# Given information
▬▬▬▬▬▬

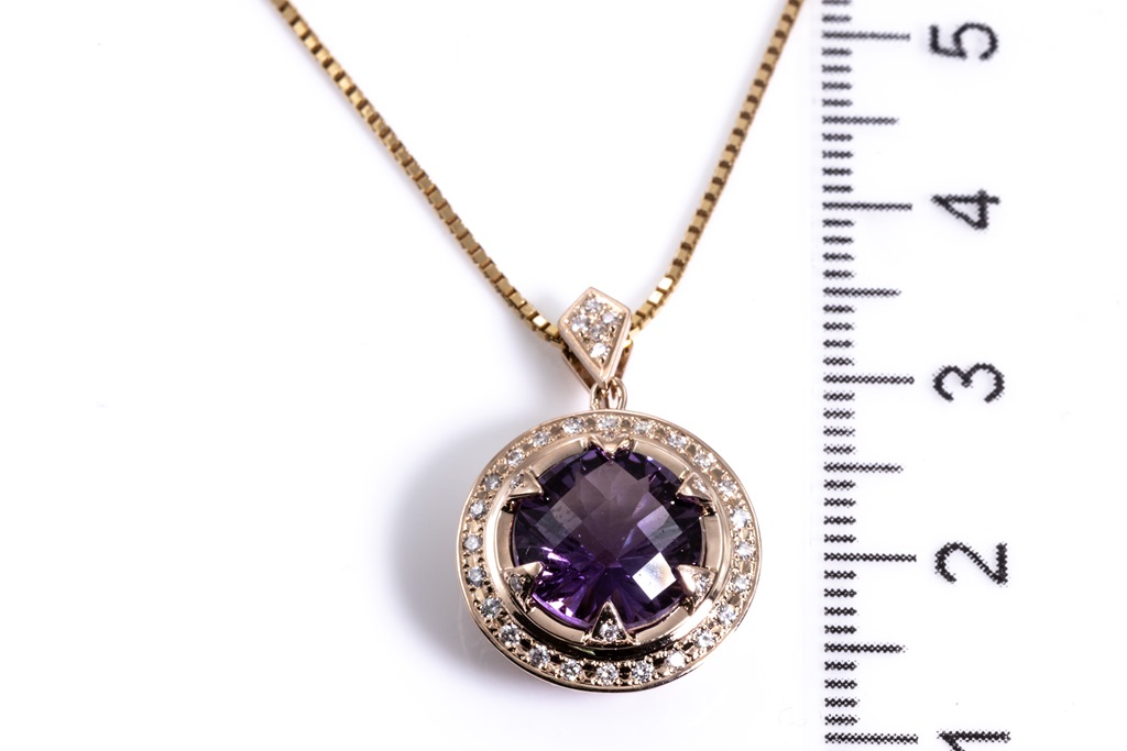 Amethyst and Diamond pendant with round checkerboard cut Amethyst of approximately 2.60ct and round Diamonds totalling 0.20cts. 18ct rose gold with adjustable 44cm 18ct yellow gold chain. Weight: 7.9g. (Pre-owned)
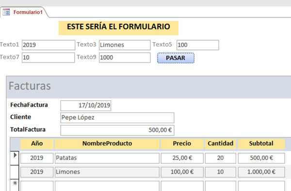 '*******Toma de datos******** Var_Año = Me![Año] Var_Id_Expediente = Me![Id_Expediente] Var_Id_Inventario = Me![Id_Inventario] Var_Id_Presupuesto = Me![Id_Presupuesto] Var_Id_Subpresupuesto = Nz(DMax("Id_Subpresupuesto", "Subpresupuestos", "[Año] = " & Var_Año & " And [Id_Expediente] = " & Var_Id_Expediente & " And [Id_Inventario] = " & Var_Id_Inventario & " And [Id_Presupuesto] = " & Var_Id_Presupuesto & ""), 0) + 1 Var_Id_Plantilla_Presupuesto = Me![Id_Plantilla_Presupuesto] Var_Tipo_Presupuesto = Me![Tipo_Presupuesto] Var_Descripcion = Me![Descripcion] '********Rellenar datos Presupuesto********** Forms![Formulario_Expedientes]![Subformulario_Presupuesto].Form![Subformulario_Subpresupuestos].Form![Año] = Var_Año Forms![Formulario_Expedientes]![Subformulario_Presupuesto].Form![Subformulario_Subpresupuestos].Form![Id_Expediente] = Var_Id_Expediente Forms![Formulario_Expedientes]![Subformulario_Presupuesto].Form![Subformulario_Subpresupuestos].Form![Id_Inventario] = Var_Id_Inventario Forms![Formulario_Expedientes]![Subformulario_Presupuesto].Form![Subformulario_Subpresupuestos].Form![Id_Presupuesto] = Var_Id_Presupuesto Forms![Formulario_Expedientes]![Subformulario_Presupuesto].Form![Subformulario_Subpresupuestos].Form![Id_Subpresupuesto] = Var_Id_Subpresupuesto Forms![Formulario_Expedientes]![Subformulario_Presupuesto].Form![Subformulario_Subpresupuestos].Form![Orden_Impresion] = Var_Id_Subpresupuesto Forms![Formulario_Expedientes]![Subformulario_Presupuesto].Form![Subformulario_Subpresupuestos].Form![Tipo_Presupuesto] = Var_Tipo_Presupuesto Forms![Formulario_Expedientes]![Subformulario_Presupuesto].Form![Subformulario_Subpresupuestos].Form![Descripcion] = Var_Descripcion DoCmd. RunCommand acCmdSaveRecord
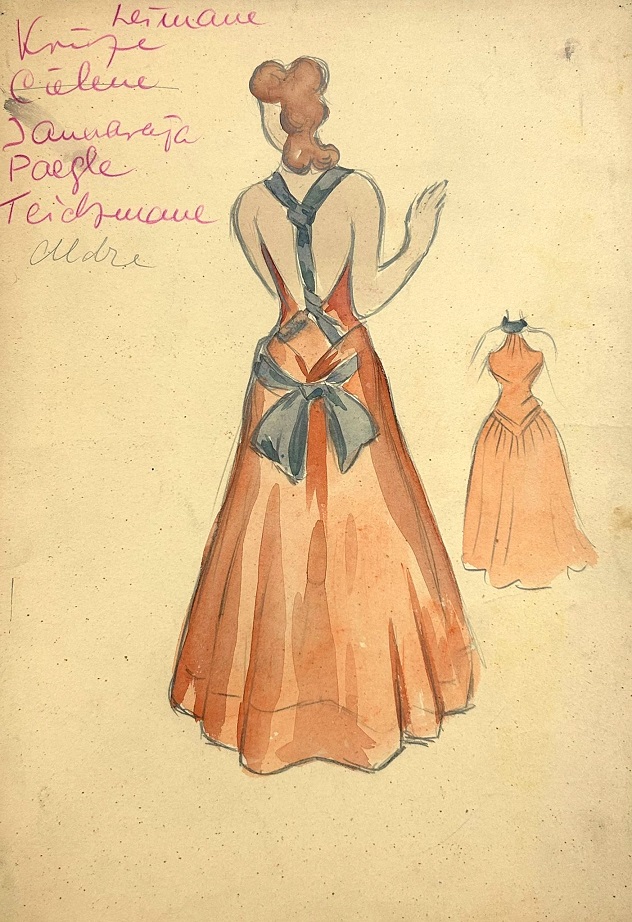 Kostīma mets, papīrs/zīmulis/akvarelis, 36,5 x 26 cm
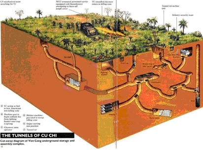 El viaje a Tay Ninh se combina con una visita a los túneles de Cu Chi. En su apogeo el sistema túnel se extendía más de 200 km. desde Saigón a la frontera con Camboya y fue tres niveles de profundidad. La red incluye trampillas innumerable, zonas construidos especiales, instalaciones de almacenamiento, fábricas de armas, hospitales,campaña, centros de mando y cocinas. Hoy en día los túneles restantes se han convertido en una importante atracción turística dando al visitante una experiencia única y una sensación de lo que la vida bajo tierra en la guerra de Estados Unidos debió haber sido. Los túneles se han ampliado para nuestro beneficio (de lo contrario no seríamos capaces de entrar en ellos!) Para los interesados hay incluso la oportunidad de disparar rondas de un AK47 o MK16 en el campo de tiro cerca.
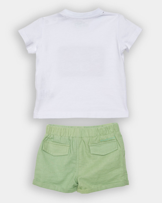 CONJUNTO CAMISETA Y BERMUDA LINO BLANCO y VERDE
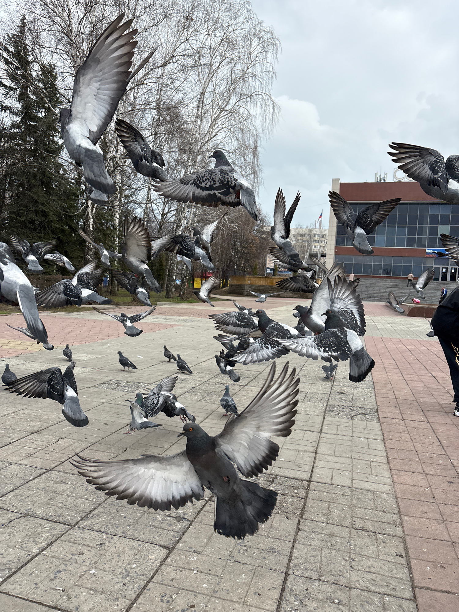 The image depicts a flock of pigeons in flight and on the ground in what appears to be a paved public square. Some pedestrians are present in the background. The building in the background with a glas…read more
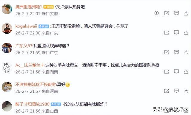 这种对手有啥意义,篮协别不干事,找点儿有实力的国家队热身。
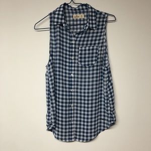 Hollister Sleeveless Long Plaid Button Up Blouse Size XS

▬▬▬▬▬▬

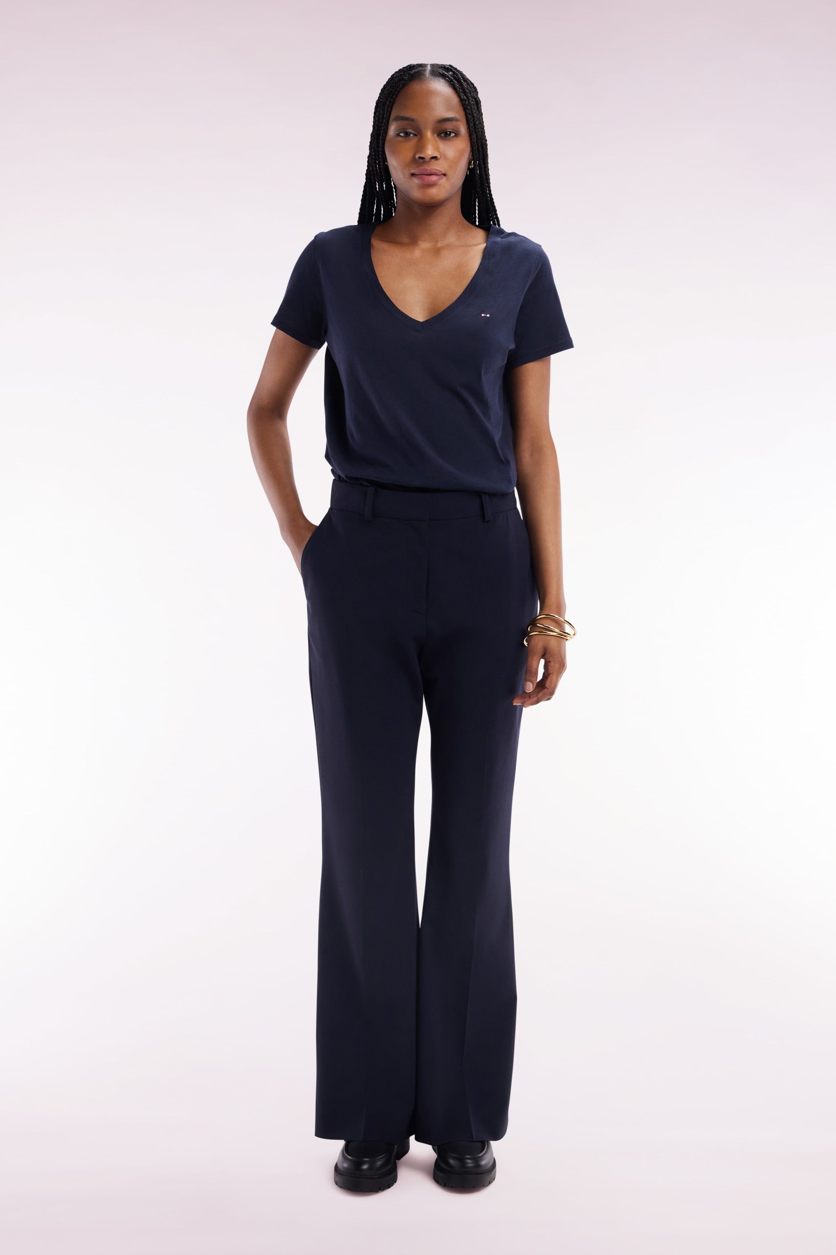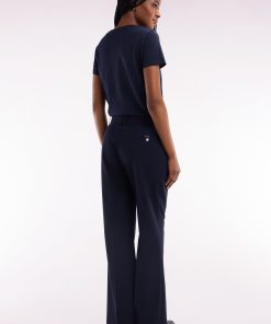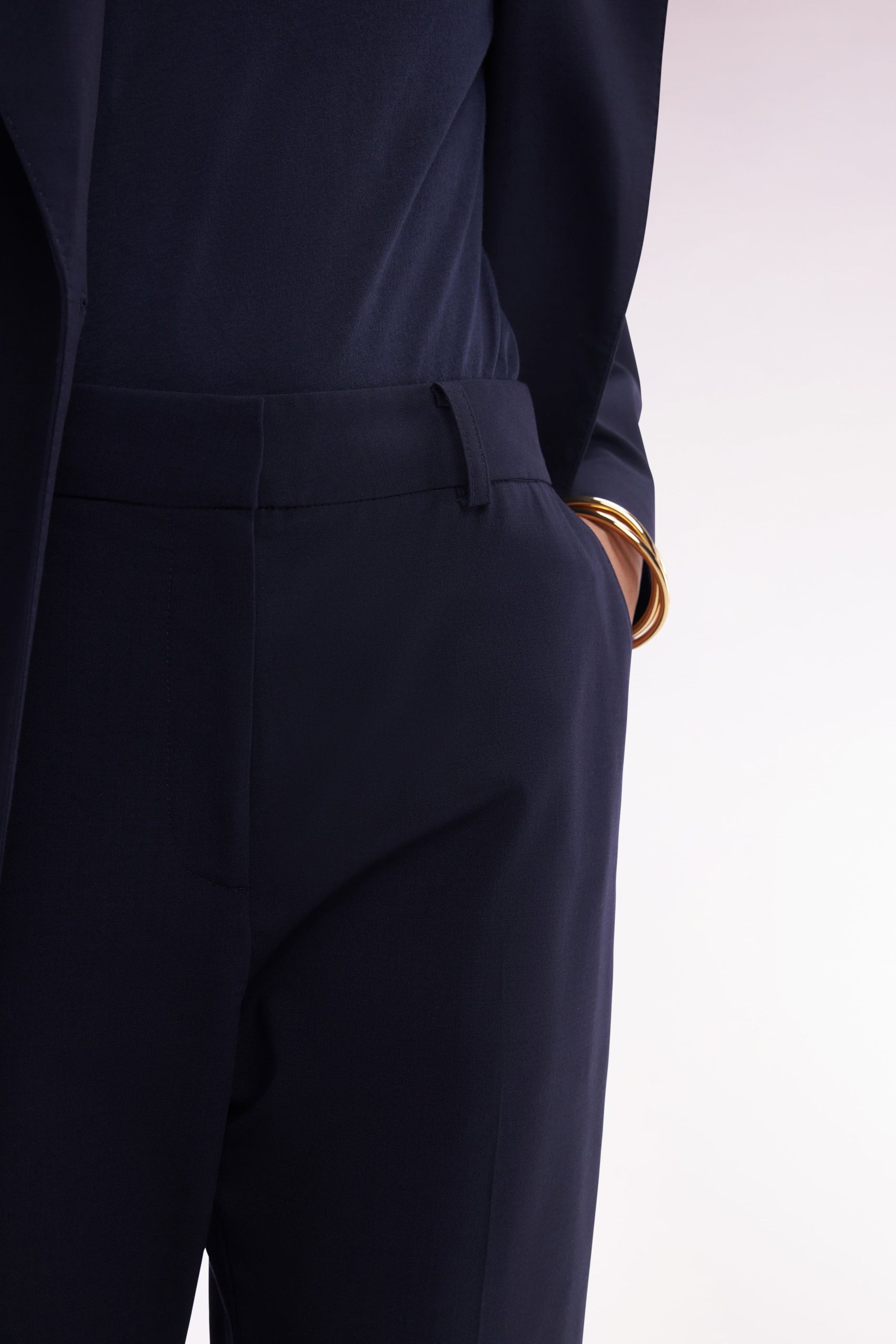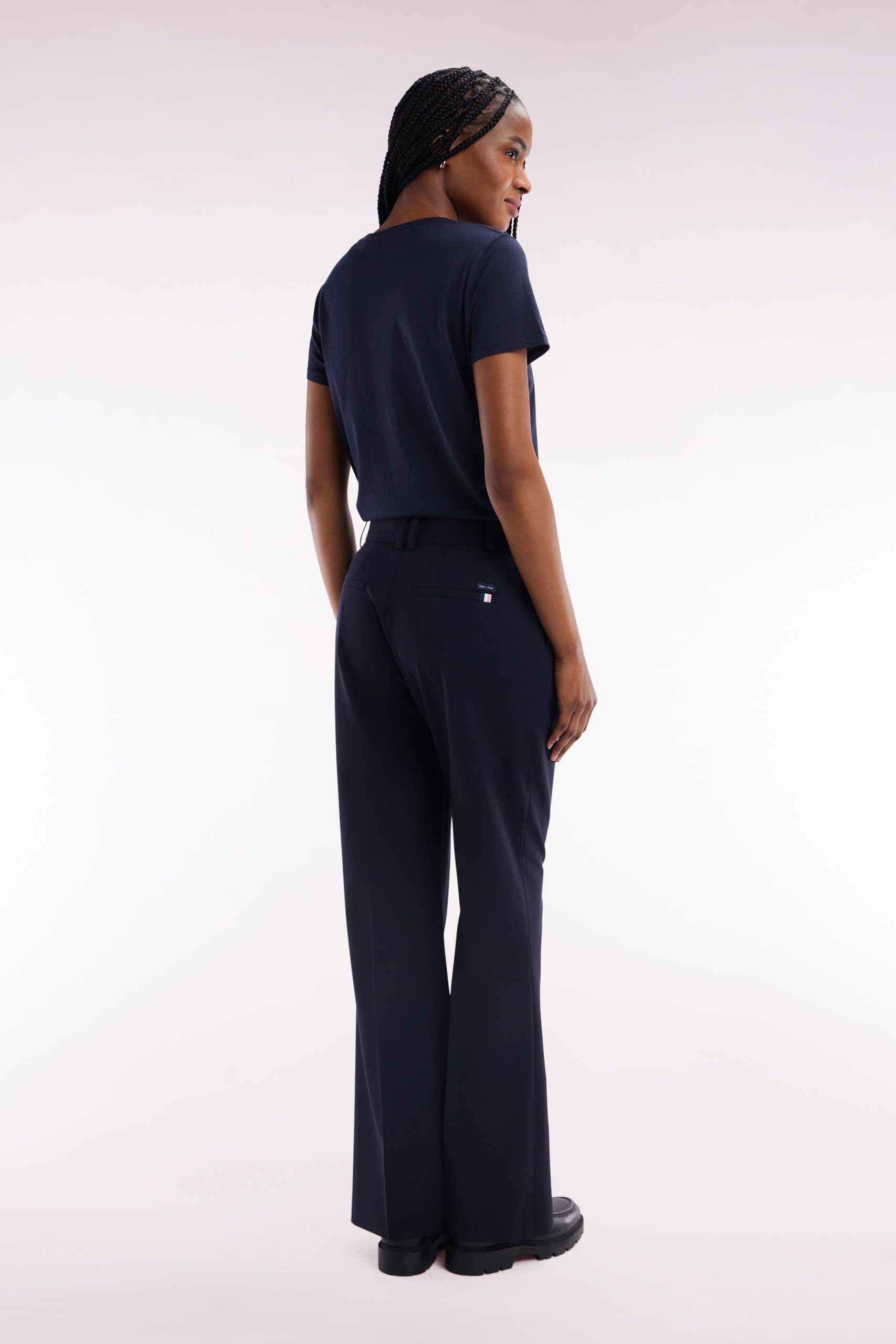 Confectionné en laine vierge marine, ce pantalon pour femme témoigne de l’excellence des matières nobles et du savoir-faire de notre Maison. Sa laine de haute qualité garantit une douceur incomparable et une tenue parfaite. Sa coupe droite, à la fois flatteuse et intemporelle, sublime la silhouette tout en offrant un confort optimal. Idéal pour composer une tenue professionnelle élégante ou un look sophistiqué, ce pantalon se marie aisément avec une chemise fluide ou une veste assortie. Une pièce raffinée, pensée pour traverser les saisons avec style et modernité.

▬▬▬▬▬▬

Set down, exactly as written above, each line from the one with "CONJUNTO CAMISETA Y" through the one with "Hollister Sleeveless Long", and skip the pictures.

 CONJUNTO CAMISETA Y BERMUDA LINO BLANCO y VERDE
 The image depicts a flock of pigeons in flight and on the ground in what appears to be a paved public square. Some pedestrians are present in the background. The building in the background with a glas…read more
 这种对手有啥意义,篮协别不干事,找点儿有实力的国家队热身。
 Hollister Sleeveless Long Plaid Button Up Blouse Size XS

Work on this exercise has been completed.